Who's the boss?

November 21, 1990

State Higher Education Secretary Shaila Aery may well have cast the gauntlet with a plan to shut down one of the University of Maryland system's 11 campuses and merge academic programs at the four Baltimore area UM campuses.

In a bid to gain control over costs and programs, Aery has proposed eliminating University College, which is the College Park evening and weekend campus for continuing education, and merge its programs into the school's standard curriculum. The two schools already share the same physical facilities, but have separate administration and staff, and thus are counted as separate "campuses." Aery couldn't have chosen a better example to make her case: the proposed consolidation would cut tuition costs for University College's 14,600 students by one-third, and reduce the whole system's operating costs by $30 million a year.

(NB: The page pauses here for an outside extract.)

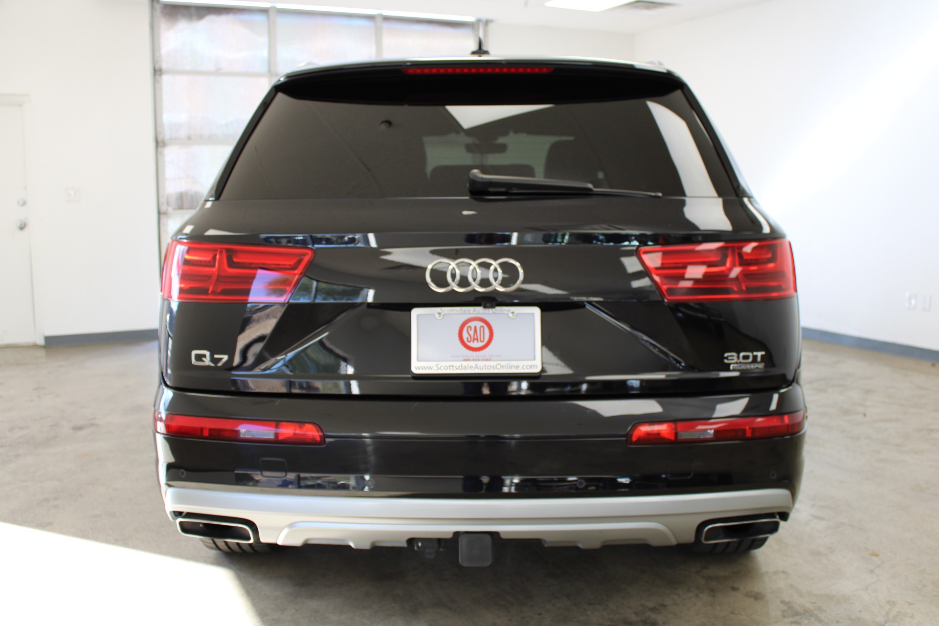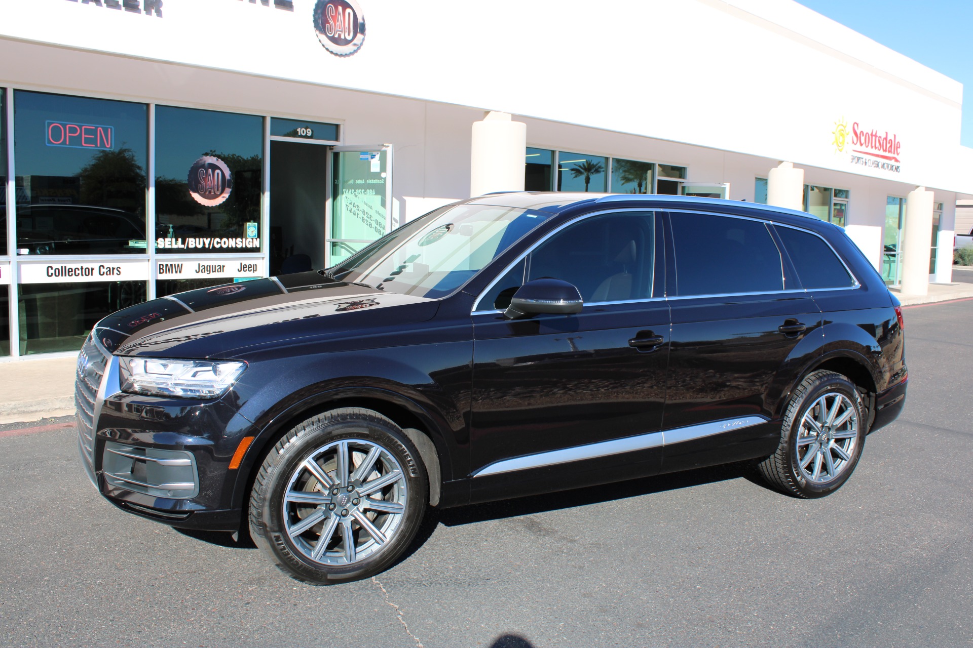 This 2018 Audi Q7 Premium Plus 3.0 Quattro is offered to you for sale by Scottsdale Autos Online, LLC. Visit www.ScottsdaleAutosOnline.com for more pics, free Carfax and more info. Or stop by and visit our indoor, air-conditioned showroom. As always, Scottsdale Autos Online is your source for clean, no accident, low mile luxury cars in AZ! Freshly traded in by one of our local clients, this gorgeous Q7 is fully loaded with all the options and finished in metallic black over brown. Factory warranty still remains, aftermarket warranty available. Ask for more info. The tires on the vehicle appear to have been recently replaced. There is still plenty of tread left on the tires. The paint has a showroom shine. The body of this vehicle is straight and the paint is in excellent condition, with absolutely no signs of prior damage or reconditioning. This vehicle is fully-loaded. With just 36,111 miles, this car is barely broken in. This was an extra vehicle for the previous owner and the mileage is consistent with its limited use. 100% CARFAX guaranteed! Please see attached CARFAX report. Contact me to request CARFAX report. This car has successfully undergone a rigorous pre-buy inspection. The interior of this vehicle is virtually flawless. This car comes with the balance of its existing factory warranty. The balance of the factory warranty will be transferred to the new owner of this vehicle. It seems that this vehicle was owned by a non-smoker. Neither the ashtray, nor the cigarette lighter, appear to have been used in this vehicle. The transmission in this vehicle shifts very smoothly. Very smooth ride! This is a one-owner car. CARFAX reports this to be a one-owner car. All electronic components in working condition. All interior components are in good working order. One of the most attractive color combinations available on a Q7! A Q7 in this condition, with these options and this color combination is an absolute rarity! This vehicle is priced to sell. You won't find a better price for this vehicle anywhere. Competitively priced for a car in this condition. This Q7 is the epitome of craftsmanship. Call it class with sass, with just about every high-tech safety feature and interior amenity one could possibly want! This is destined to be a classic. The perfect blend of luxury and performance. From car pooling the neighborhood kids, to navigating the most rugged terrain imaginable -the 2018 Q7 can do it all! When safety and responsiveness is what you want in an SUV, AWD is imperative and the Q7 is one of the few SUV's with true, electronically-controlled all-wheel-drive! The 2018 Audi Q7: the perfect blend of daily driver and family hauler. We have all manuals and all sets of keys. We offer free airport pick-up. We can help facilitate low-cost shipping directly to your door. At Scottsdale Autos Online, no matter what vehicle you are looking for, we can find it for you. Scottsdale Autos Online, LLC is excited to offer this 2018 Audi Q7 Premium Plus Quattro! At Scottsdale Autos Online, we strive to provide you with the best quality vehicles for the lowest possible price, and this Q7 is no exception.

Other proposed changes include moving an urban education resource center from Towson State University to Morgan State University and eliminating duplication of programs on the four Baltimore area UM campuses.

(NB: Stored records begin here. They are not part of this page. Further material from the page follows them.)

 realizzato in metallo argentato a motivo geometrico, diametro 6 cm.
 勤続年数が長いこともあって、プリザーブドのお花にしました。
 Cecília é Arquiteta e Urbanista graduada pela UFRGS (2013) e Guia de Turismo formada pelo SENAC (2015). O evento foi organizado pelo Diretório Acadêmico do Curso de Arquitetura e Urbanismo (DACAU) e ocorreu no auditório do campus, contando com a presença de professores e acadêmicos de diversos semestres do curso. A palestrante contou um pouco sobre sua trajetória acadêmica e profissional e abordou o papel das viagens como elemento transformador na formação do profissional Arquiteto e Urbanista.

Ever since the General Assembly passed a fundamental restructuring of state higher education in 1988, we have all been waiting to see if the complex structure that emerged would be any more manageable than the one it replaced. Aery's proposal represents the first major challenge to the UM Board of Regent's traditional hegemony over the largest component of that system. The outcome thus may prove a harbinger of who ultimately will control Maryland's often fractious system of public colleges and universities.